Hi. In this lecture we're gonna talk about bringing modules to data and when I say

data what I mean is you know you. Pull all sorts of numbers off the web, or maybe

you've got you know, in you?re, for your business or your home you got all this

data out there and how much money you've spent each month or something like that.

We [inaudible] how we can use models to understand that data. And we're gonna

start simple and we're gonna build up. So we're gonna start with something that I

call categorical models. Now in a categorical model what you do is you just

sort of place all the different data in different boxes. So for example, suppose

you had a bunch of data on how long people live, and you want to try to understand

what. Allows someone to live a long and healthy life. We might create one box of

people who exercise and one box of people who don't exercise and we can just, by

looking at how much variation there is in each of those boxes and what the means are

in those two boxes you can figure out does that distinction make that categorization

between exercising and not exercising, does that actually help understand all the

variation in the data? After you do categorical models we're gonna move on to

linear models. Now why don't I give a distinction between a linear model and a

line. So a line is just something that we plot, right? So we just have like, you

know, here's the Y variable, here's the X variable, and we draw this line. In a

linear model what we assume is we assume that this Y variable depends on X. Right?

And so what this is, is this, this is some sort of relationship. So in this axis, X

could literally be the amount of exercise you do, and Y could be how long you live.

And so what you have is this line is sort of saying that how long you live is a

function of how much you exercise. So you're literally thinking [inaudible] Y.

Is some function of X. Okay, so after we do linear models, and I explain what they

mean. And I have a short lecture sort of describing how we fit data to linear

models. So if you've got a bunch of data, and then you wanna construct a linear

model, how do we do it? Here's a simple example. Suppose I've got a bunch of data

here like this. And I want to ask, you know what's the best line to go through

that data? Well clearly this would be a terrible line because it doesn't, it's not

near the data. This line here that they've done this black line looks like a pretty

good line. It looks pretty close to the data, so we're going to see how exactly to

draw the line and what criteria do you use, right, to make sure you've got the

best line? After we've done linear models, we're gonna move nonlinear models. And

we'll show that the techniques are actually fairly similar. Now, what do I

mean by nonlinear? Well, one simple way that somebody could be nonlinear, is they

could start out straight and then kind of flatten out. Or, something could start out

slow, and then get big. Or it could sorta do both. It could start out slow, and then

get big, and then flatten out, right? So there's all different shapes a function

could take. You know, John Von Neumann, one time, said, the set of non linear

functions is like the set of non elephants. And by that, he meant that the,

the number of non linear functions is enormous. So we'll talk a little bit about

how we could use some of the same techniques used for linear models to

create non linear models. Now after we do that we're gonna conclude this, this unit

by talking about something I call the big coefficient. So what do I mean? Well when

you have a linear model, right? You have like Y equals A1, X1 plus A2, X2. So X1

and X2 are the variables. These are the things that determine the outcome. So

we'll talk about for example school quality. So X1 might be what the class

size is. And X2 might be how good the teacher is. And so this A1 and A2 are the

coefficients, and these coefficients tell how important is the variable. So the

bigger the coefficient, the more important the variable. So when I say the big

coefficient. What I mean is making policies or making the decision based on

which one of these coefficients is biggest. Now that makes a lot of sense. So

what I'm gonna do is, I'm first going to argue that boy, you know, better to use

the big coefficient then to just sort of do seat of the pants thinking. We're going

to see why that's the case. Linear models are just better, right? We've seen a

little of this before but we're going to go into more detail. Linear models are

just better than just sort of thinking off the cuff. Then I'm also going to criticize

a little bit, right? Because I'm gonna say one problem with big coefficient is it

only works in the area in which we've got the data. And oftentimes, if we want to

make the world a lot better place we have to shift into an entirely new reality.

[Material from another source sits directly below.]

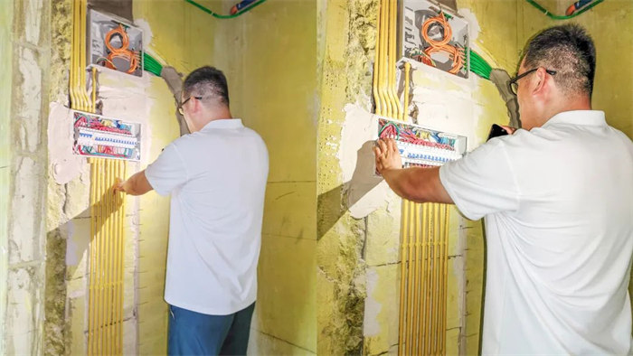 這是我們的監(jiān)理在檢查配電箱與電路是否安裝合格。

We've got to shift to a place where there is no data. So I'm gonna draw distinction

between what I call the big coefficient, and what I'm gonna call the new reality.

Brighter situations that are just maybe a lot better than what we currently have.

Alright, so that's a summary of where we're gonna go. We're gonna start out with

categorical models, then linear models, show how to fit lines to data, right? And

we're gonna do some nonlinear models, and then we'll wrap it all up by talking about

this idea of the big coefficient. Alright, thank you.